The first is to demonstrate silicon light emitters that
can be integrated into silicon microelectronic circuits. The second
is to investigate the feasibility of innovative schemes for
demonstrating the first silicon laser. A range
of silicon optoelectronic characterisation activities underpin
both
these programs.
Radiative Recombination
Coefficient
Part of the work in the area of light emission from bulk silicon
is to theoretically describe and to understand the dependence of
the (external quantum efficiency) EQE on the excess carrier concentration
quantitatively. This requires the rate of radiative recombination
in silicon, which is described via the radiative recombination coefficient
B(T). This project began with an accurate determination of B(T)

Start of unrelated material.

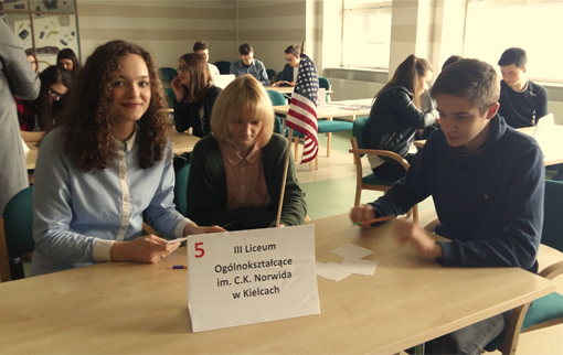 We wtorek, 08.03.2016, uczniowie z naszej szkoły: Aleksandra Krajewska (1G), Aleksandra Gołąbek (1G) oraz Mateusz Zajęcki (1D) wzięli udział w II edycji konkursu wiedzy o Stanach Zjednoczonych Zoom in on America Challenge.

since data found in the literature is very contradictory.
LED on SOI substrates
As part of the work on developing efficient light emitting diodes
(LEDs) on (silicon-on-insulator) SOI-wafers, lateral p-i-n LED structures
were designed and fabricated.
Inter-Conduction-Band
Transitions
The (photo-luminescence) PL of bulk crystalline silicon under
UV-excitation was measured as part of the research aimed at obtaining
laser light from silicon.
Lasing in Indirect Gap Semiconductors
Theoretical work at the Centre revisited the limitations on optical
gain in silicon. A generally accepted theoretical work on optical
transitions in indirect semiconductors for laser applications which
stated that optical gain is not possible in silicon was found to
be flawed by Centre researchers.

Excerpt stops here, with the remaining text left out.